By: Revanche

Just a little (link) love: aching body edition

December 13, 2018

Just a little link loveHow $12,500 turned into $1.5 Million (of erased debt). I would to do this for one of my next organized charity activities.

I like GYM’s part time plan.

When your number isn’t just YOUR number.

Seven years ago, Hiro was wheeled into the OR to have her brain operated on.

A simple one minute test for stroke.

RB40 asked: “Do you feel guilty for not giving your family the best when you can?”
(He’s talking about material things.) Nope, because I do give them the best I can. It’s just that to me, the best doesn’t mean the most expensive or what other people think is the best. The best is the thing that serves the purpose well without generating unnecessary waste. What do you think?

Related to that, Matt talks about how to be happy and you might notice that buying it isn’t a good long term plan for that sort of thing. There is a threshold where money makes a real difference, but after all our needs and most of our reasonable wants are covered, I want myself and my family to embrace gratitude and contentment, and not have to keep chasing the next high.

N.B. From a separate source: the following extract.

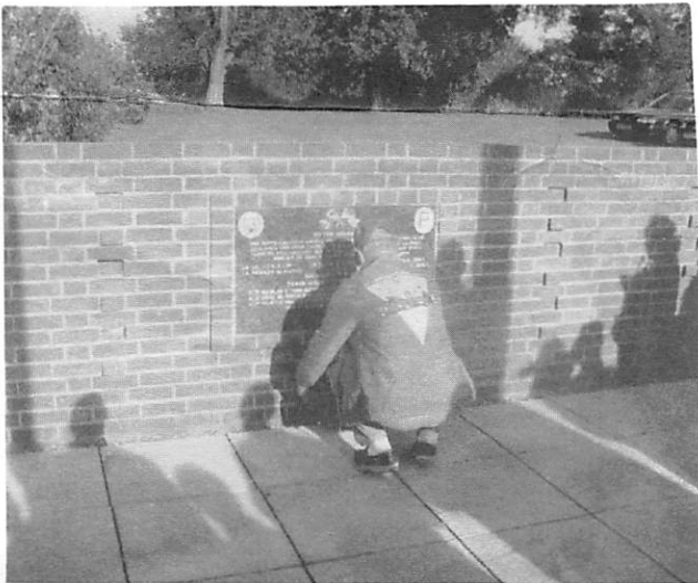
JAY SHOWER LAYING A REEF AT THE REID MEMORIAL

The above photos were taken at Barsham. The photographs following were taken during Base Day and include only a few of the ones that will be placed on the Web Page as a part of our convention display we intend to put on the web. Once they are on the Internet, if you have additional pictures, please let us know, send them to us and we will scan them and return to you as soon as possible.

Why do you tell your story? Good question! It used to be because I didn’t have enough people to discuss money with but that’s less true these days.

What a litter!

9 Responses to “Just a little (link) love: aching body edition”

  1. Alice says:

    Re: RB40’s thing: I don’t feel guilty about not providing my family with everything. I think that it’s important for people to learn how to be okay with not getting everything they want, exactly how they want it. I’m in favor of providing all of the needs and a decent number of wants, but–especially for kids– learning that they can be okay without getting everything they want is a really important life skill.

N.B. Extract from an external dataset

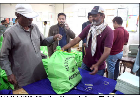
KARACHI: Election Commission officials prepare election material to be shipped to the polling stations ahead of the general election, in Provincial Capital.

They on the occasion said that Jamiat Ulma-e-Islam-JUÍ believes in peace and always played their vital role to maintain and improve the law and order situation in Sindh by following the all rules and regulations and remained peace lover.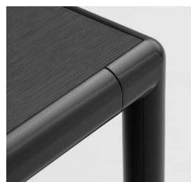
Oak Veneer Black Lacquer (Legs Glossy or Textured)

    All that said, I hate RB40’s essay. It seems to focus more heavily on what he calls “the finer things in life,” which is a phrase that to me feels straight out of the past and extremely judgmental of people making different choices than his.

    And I think he’s a real jerk about how he talks about his wife and her clothing choices. Gosh, a coat for her costs more than his entire annual clothing budget, and she wants nicer work clothes. But okay, she can spend what she wants on clothes as long as she’s working and she accepts that he’s saying that she can’t have nicer clothes after she retires. And hey, “fortunately,” HE feels “no guilt for depriving” his family “of the luxurious things in life.” She can spend “her” money how she wants.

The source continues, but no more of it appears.